• [PROBLEM TO SOLVE] Begin at the line below that holds "SOLAB / Набор" and end at the line that holds "通过定级测试,精准定位孩子当", transcribing each line exactly and skipping any picture.

• [RECORDS SUPPLIED]
....
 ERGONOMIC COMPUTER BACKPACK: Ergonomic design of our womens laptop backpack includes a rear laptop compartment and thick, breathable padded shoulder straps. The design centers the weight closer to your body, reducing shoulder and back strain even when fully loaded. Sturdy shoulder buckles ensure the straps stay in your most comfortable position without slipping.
....
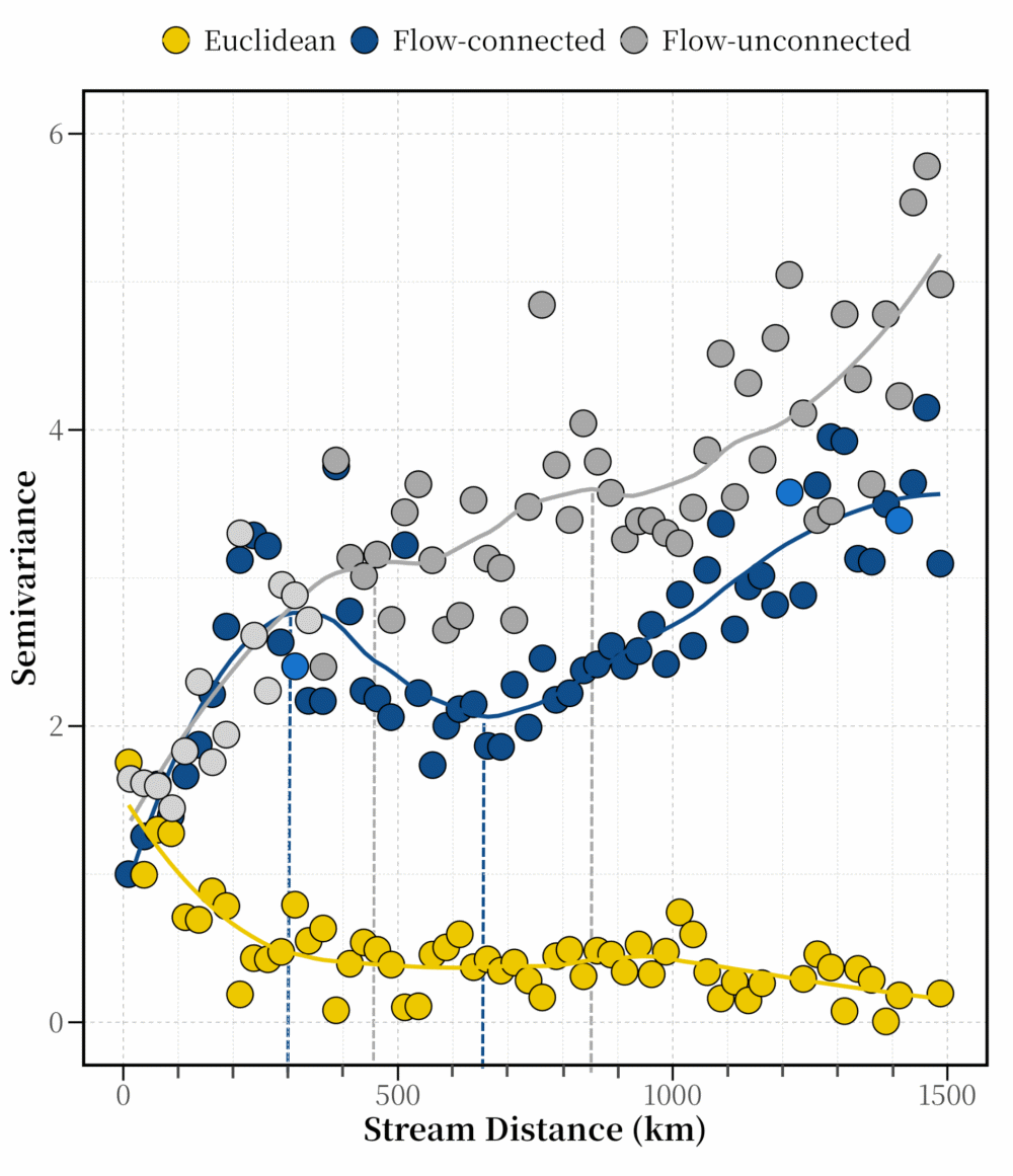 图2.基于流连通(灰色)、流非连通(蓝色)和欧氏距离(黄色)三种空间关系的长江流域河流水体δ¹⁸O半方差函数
....
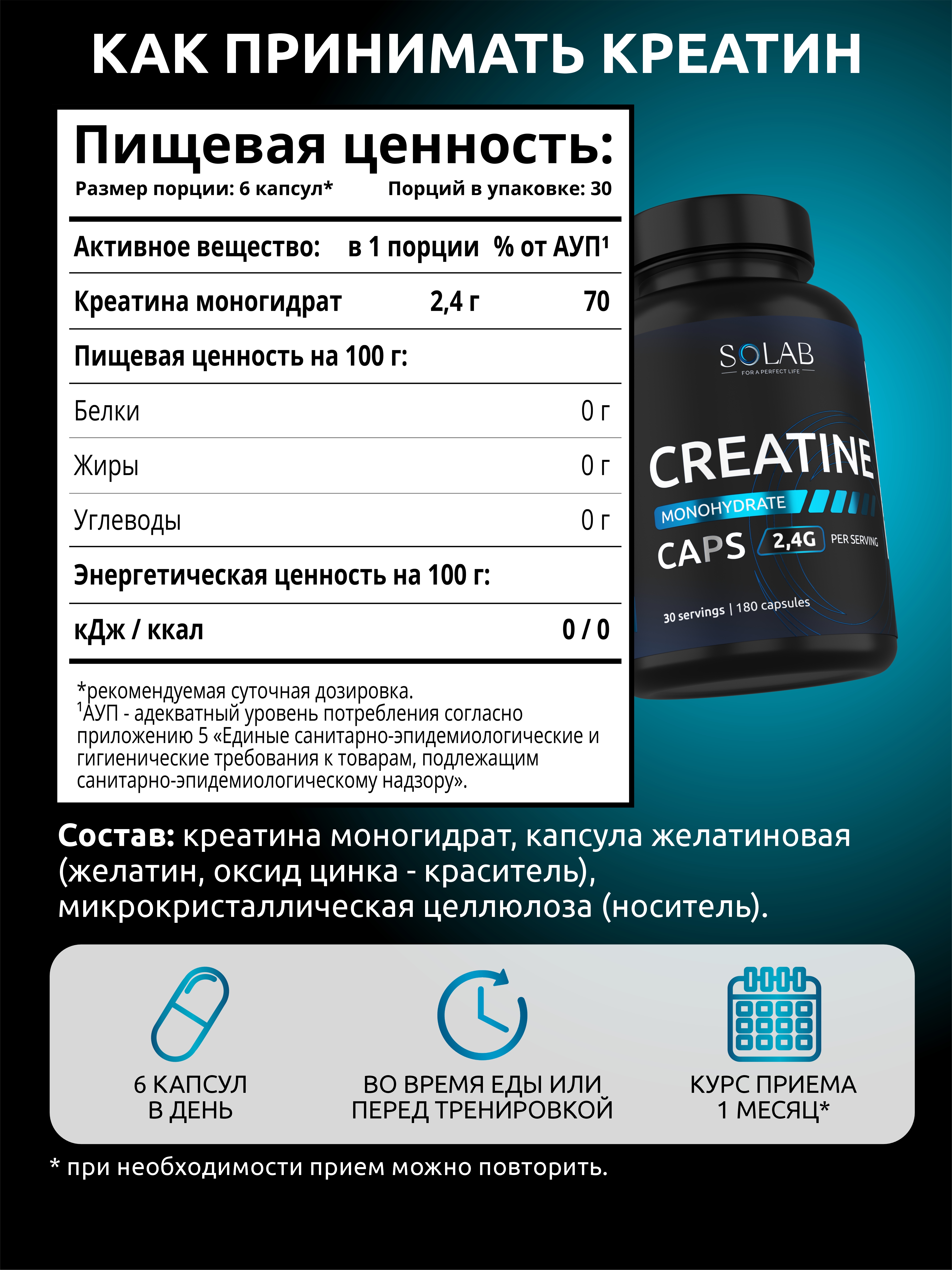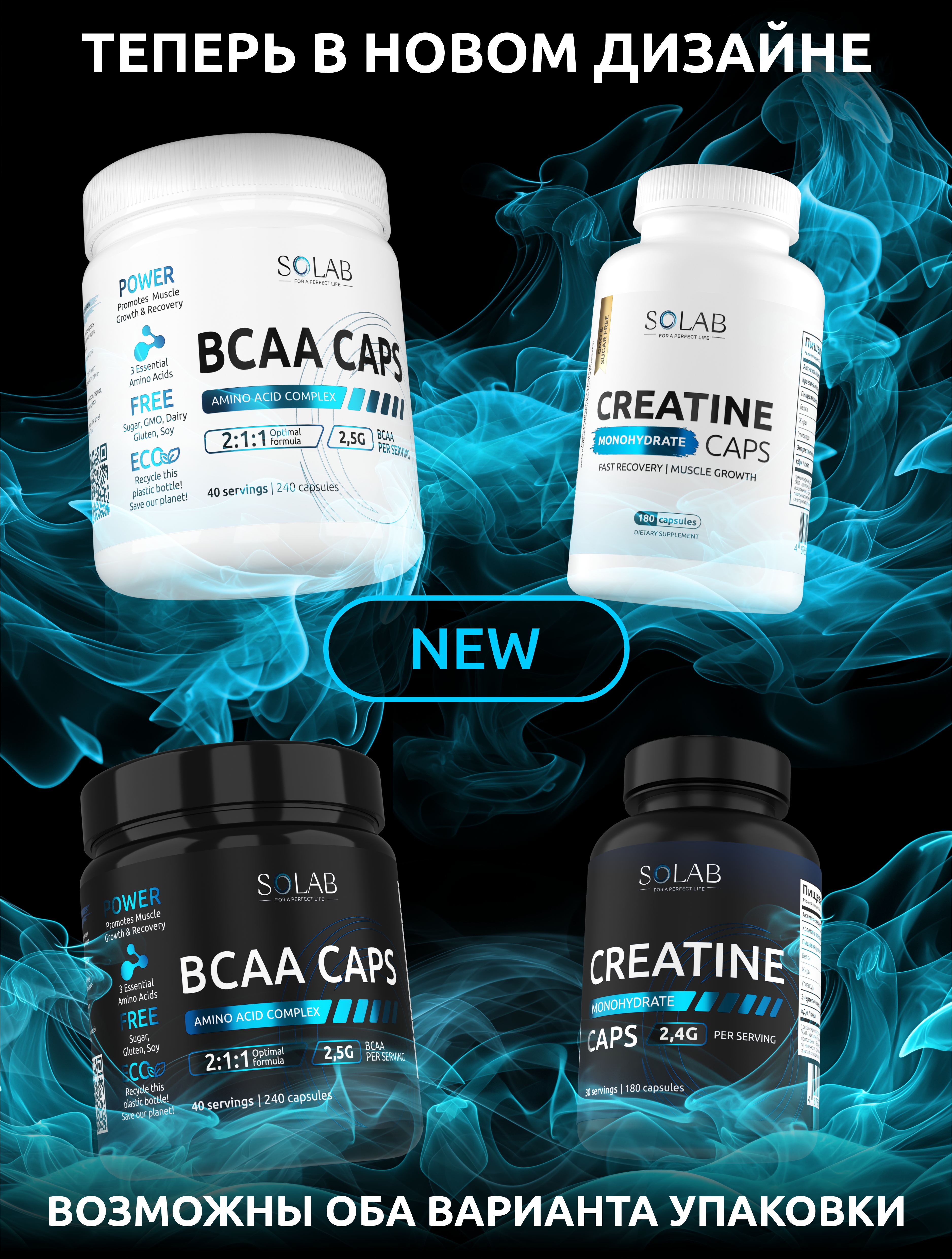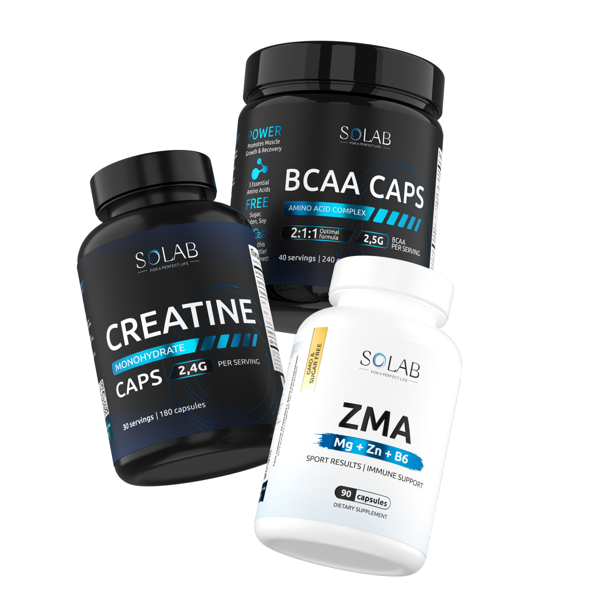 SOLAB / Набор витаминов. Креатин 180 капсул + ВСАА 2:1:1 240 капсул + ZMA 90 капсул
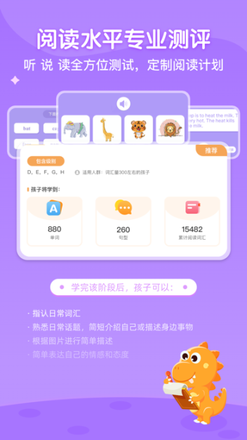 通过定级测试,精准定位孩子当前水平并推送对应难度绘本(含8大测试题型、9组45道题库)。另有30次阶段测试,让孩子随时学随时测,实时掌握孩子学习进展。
....
• [ANSWER BELOW]
 SOLAB / Набор витаминов. Креатин 180 капсул + ВСАА 2:1:1 240 капсул + ZMA 90 капсул
 通过定级测试,精准定位孩子当前水平并推送对应难度绘本(含8大测试题型、9组45道题库)。另有30次阶段测试,让孩子随时学随时测,实时掌握孩子学习进展。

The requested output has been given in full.